====== RECORDED DATA

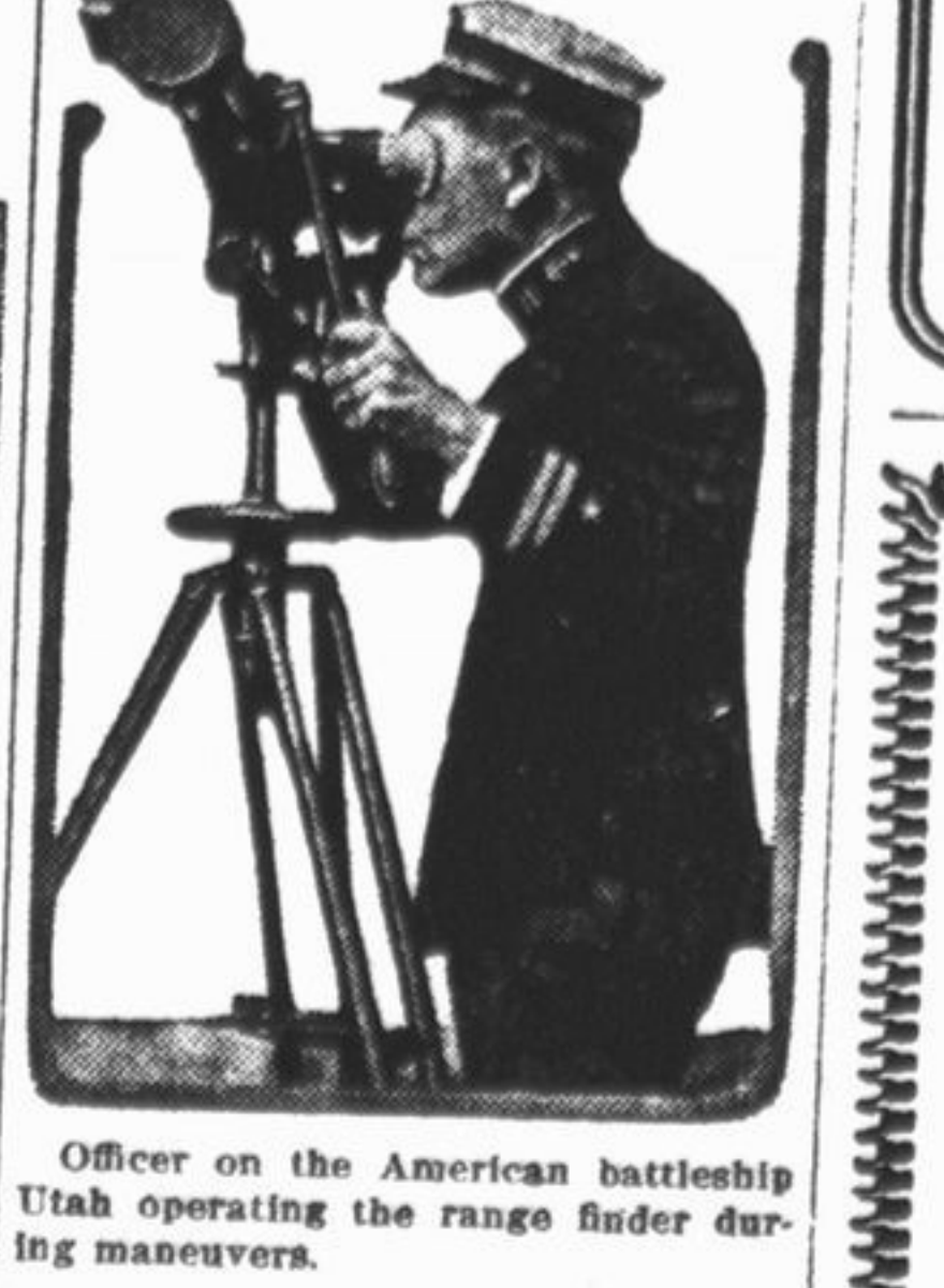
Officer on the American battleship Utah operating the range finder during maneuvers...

============
====== RECORDED DATA

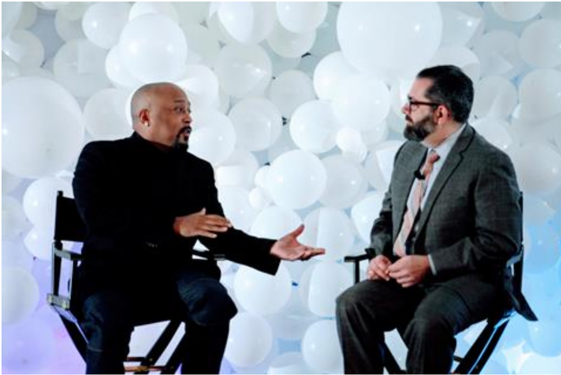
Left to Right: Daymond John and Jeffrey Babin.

============
====== RECORDED DATA

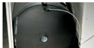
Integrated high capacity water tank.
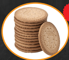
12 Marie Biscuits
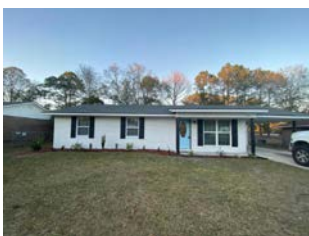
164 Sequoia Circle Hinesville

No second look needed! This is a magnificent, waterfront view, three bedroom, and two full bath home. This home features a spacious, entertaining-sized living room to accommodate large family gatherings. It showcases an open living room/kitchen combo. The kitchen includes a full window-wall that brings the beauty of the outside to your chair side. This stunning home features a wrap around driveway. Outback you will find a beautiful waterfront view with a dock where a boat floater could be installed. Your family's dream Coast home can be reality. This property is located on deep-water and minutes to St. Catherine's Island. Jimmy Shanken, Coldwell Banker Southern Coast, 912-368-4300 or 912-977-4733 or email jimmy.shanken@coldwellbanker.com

============

● **WORK INSTRUCTIONS**
Only lines with the word "water" are wanted; pull each of them from the records.

● **FINAL ANSWER**
Integrated high capacity water tank.
No second look needed! This is a magnificent, waterfront view, three bedroom, and two full bath home. This home features a spacious, entertaining-sized living room to accommodate large family gatherings. It showcases an open living room/kitchen combo. The kitchen includes a full window-wall that brings the beauty of the outside to your chair side. This stunning home features a wrap around driveway. Outback you will find a beautiful waterfront view with a dock where a boat floater could be installed. Your family's dream Coast home can be reality. This property is located on deep-water and minutes to St. Catherine's Island. Jimmy Shanken, Coldwell Banker Southern Coast, 912-368-4300 or 912-977-4733 or email jimmy.shanken@coldwellbanker.com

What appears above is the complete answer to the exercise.